C’est vrai que je ne suis pas doué dans ce business mais on dit qu’impossible n’est pas camerounais », songe le jeune enseignant. Les populations qui encouragent la témérité et le courage de l’enseignant viennent de manière permanente en rescousse pour que l’enseignant et sa famille ne manquent  de rien : « C’est l’un des rares enseignants qui est encore ici de manière permanente et il est toujours disponible , voilà pourquoi nous sommes obligés de faire quelque chose pour lui »,  laisse entendre Djibril Ali,  un commerçant. Son voisin Baba Aoudou de rassurer : «  il n’ya vraiment plus l’école ici  c’est le seul enseignant qui entretient nos enfants, nous devrions aussi lui retourner l’ascenseur ».

Charles Mahop 

 

 

 

 

 

« Nous nous battons pour que l’enseignant retrouve sa place»

Jean Aimé Bitsing. L’enseignant d’espagnol évoque la situation de l’enseignant et le mot d’ordre de grève craie morte.

Pourquoi le mot d’ordre de grève craie morte ?

C’est à dessein que je vous parle aujourd’hui car nous sommes fatigués, il n’y a plus d’autre issue que d’exprimer notre mécontentement.

Depuis combien d’années êtes-vous sur le terrain ?

Je suis sur le terrain depuis 1996, jusqu’à ce jour je continue de boire de la poussière et de la craie.

Quelles sont vos revendications ?

Nos revendications s’étalent sur un chapelet, il y a des enseignants qui terminent  leur formation et passent  des années durant  sans percevoir les 2 / 3 de leurs salaires  ce qui ne leur permet pas de subvenir à leurs besoins.
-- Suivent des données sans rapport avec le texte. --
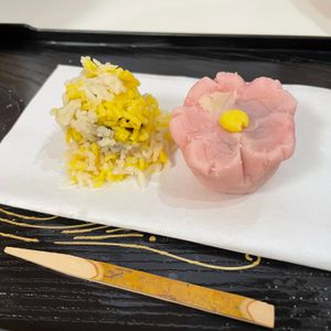 コロナ禍の中での体験ということで、道具や机、椅子の消毒はもちろん、間隔を空けた配置で、安心して体験ができました。和菓子は季節により変わるそうで、今回は桜とタンポポをつくりました。どちらも簡単そうに見えて、実際作ってみると、和菓子職人さんの凄さが痛いほど感じられました。しかし、不恰好でも、自分で作った和菓子はなんだかとても愛らしかったです!和菓子を作った後はお点前体験で、初めにやり方を教えていただけて、経験のない私たちもすんなりと抹茶を点てることができました。最後に和菓子と一緒にお抹茶をいただけます。餡や抹茶も良いものを使ってるそうで、目を閉じればお店の味でした。難しすぎる工程もなく、美味しいものも食べることができるので、小さい子供はもちろん、年齢を問わず楽しめる体験だと感じました!ありがとうございました!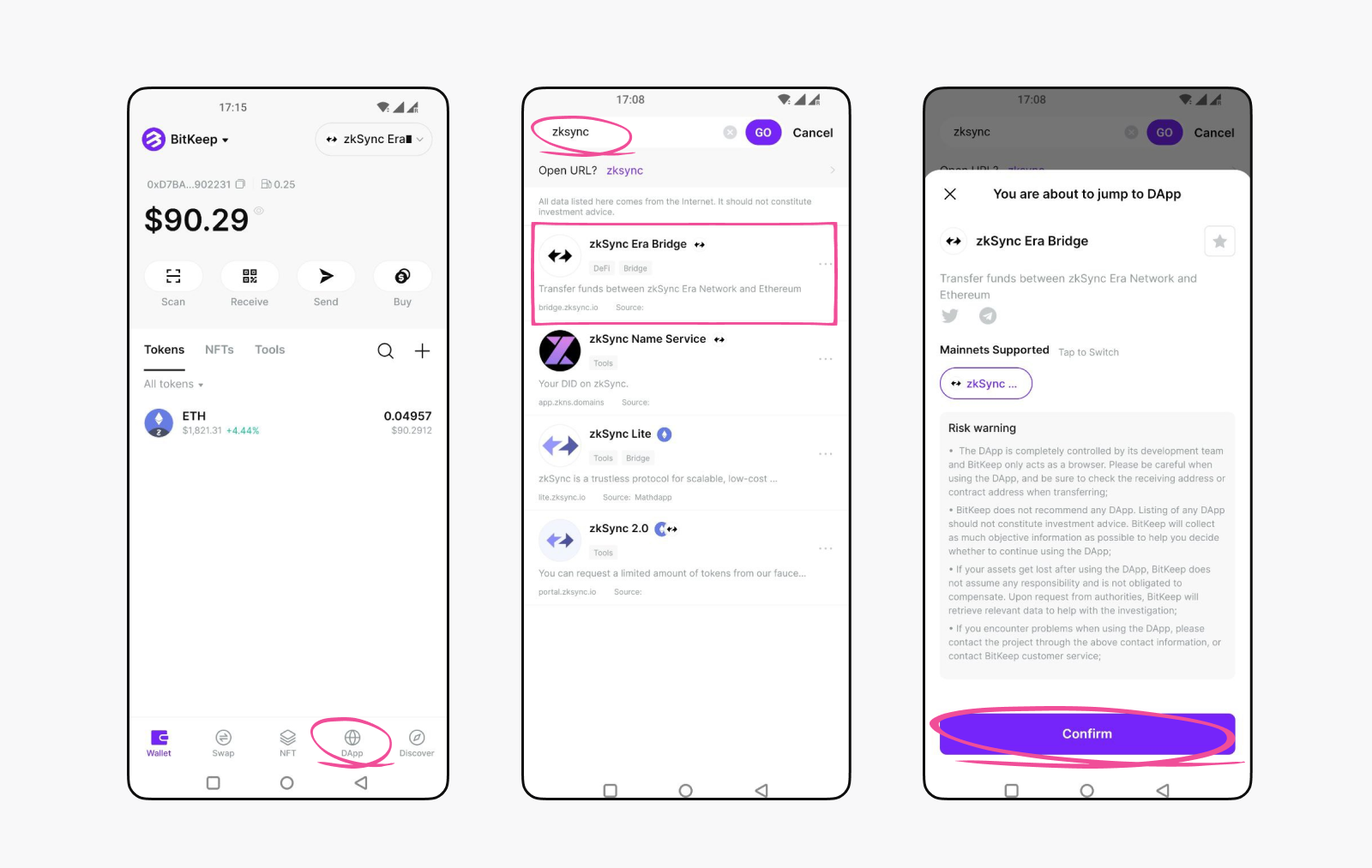 1. Select “DApp” to access the BitKeep DApp browser. Input “zkSync” on the search bar, select “zkSync Era Bridge”, and confirm. The zkSync Era Bridge is the official bridge of zkSync, and using the official bridge is a crucial criterion for airdrop eligibility. You must bridge your funds using the official bridge at least once.

Il y a le problème de l’intégration qui est un calvaire et quand bien même on réussi à déposer son dossier d’intégration on n’intègre pas, pour les plus chanceux, lorsqu’on réussi à déposer son dossier, les incidences financières ne suivent pas, mieux encore, il y a le sempiternel problème de profil de carrière, comment pouvez-vous expliquer que vous enseignez un enfant qui revient vous retrouver quelques années plus tard sur le terrain et devient votre proviseur ? On fait tout dans notre pays pour clochardiser les enseignants, non, il faut mettre un terme à cette situation.

Qu’espérez- vous ? Un redressement de carrière ?

Je n’ai pas de soucis de carrière maintenant, nous nous battons pour nos jeunes collègues, pour le futur, nous nous battons pour que l’enseignant retrouve la place qui est la sienne dans la société car      Je crois que l’opération craie morte n’est rien d’autre  que le début d’une série d’actions que nous allons mener.